Magnetism Of Spinor Alkali-Metal And Alkaline-Earth-Metal Atoms In Optical Lattices

We theoretically investigate zero-temperature magnetic ordering of mixtures of spin-1 (alkali-metal atoms) and spin-0 (alkaline-earth-metal atoms) bosons in a three-dimensional optical lattice. With the single-mode approximation for the spin-1 bosons, we obtain an effective Bose-Hubbard model for describing the heteronuclear mixtures in optical lattices. By controlling the interspecies interactions between alkali-metal and alkaline-earth-metal atoms, we map out complete phase diagrams of the system with both positive and negative spin-dependent interactions for spin-1 atoms, based on bosonic dynamical mean-field theory. We find that the spin-1 components feature ferromagnetic and nematic insulating phases, in addition to the superfluid, depending on spin-dependent interactions.
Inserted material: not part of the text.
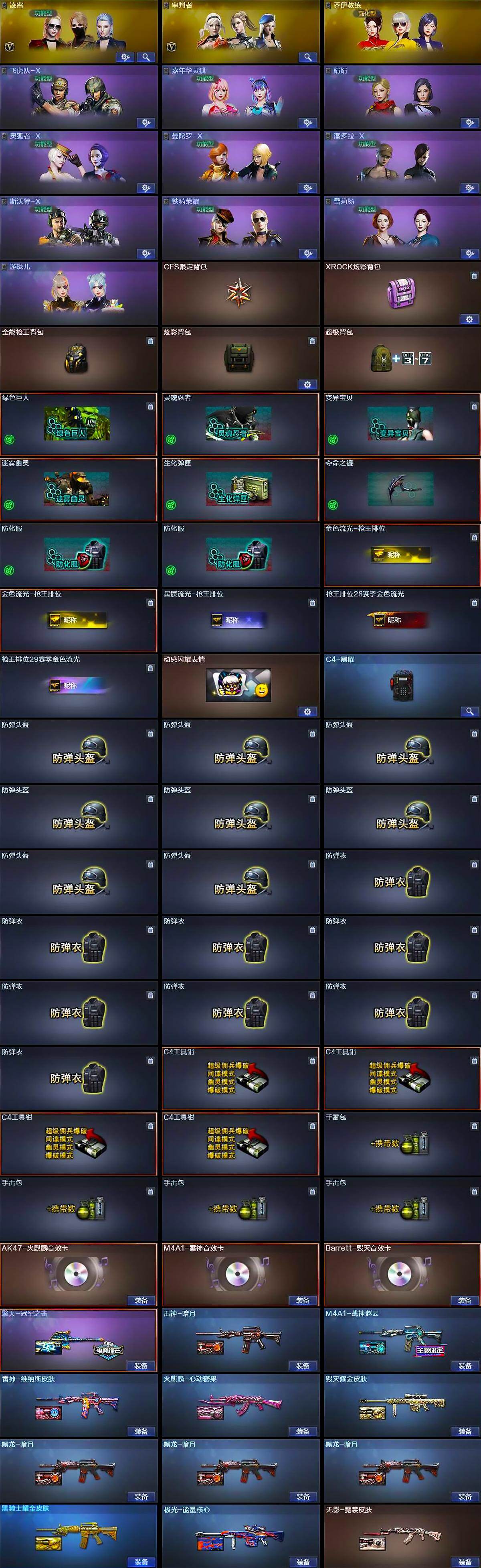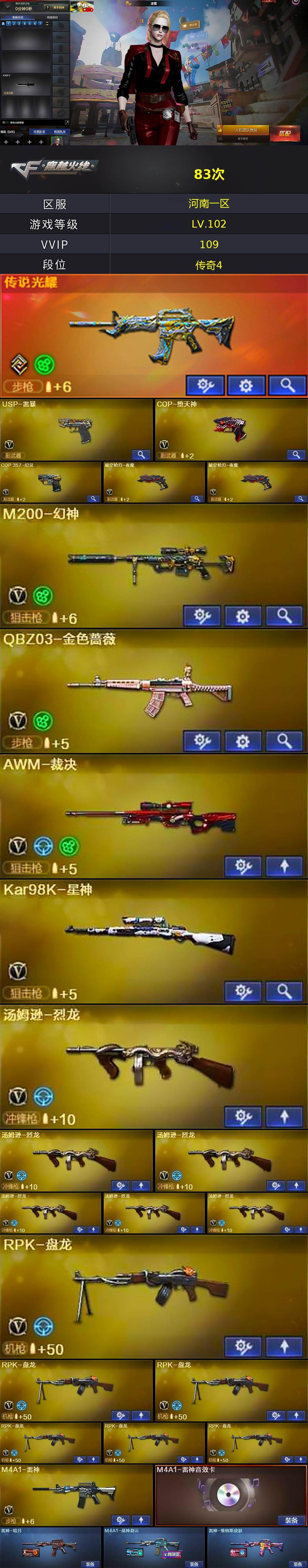 【热门武器】:传说光耀,QBZ03-金色蔷薇,HK417-朱雀,M4A1-青龙,M200-幻神,Kar98K-星神,牛牛-AK47,M4A1-黑骑士*2,汤姆逊-烈龙*6,RPK-盘龙*6,加特林-炼狱,斯泰尔-蝴蝶,雷神-小红,USP-雷暴,COP-堕天神,COP 357-幻灵,沙鹰-修罗*3,金刚伞

Take the spin-1 alkali-metal bosons as spin up arrow, and spin-0 alkaline-earth-metal bosons as spin down arrow, we observe that the system favors ferromagnetic insulator at filling n = 1 and unorder insulator at n = 2. Interestingly, we observe a two-step Mott-insulating-superfluid phase transition, as a result of mass imbalance between alkali-metal and alkaline-earth-metal atoms.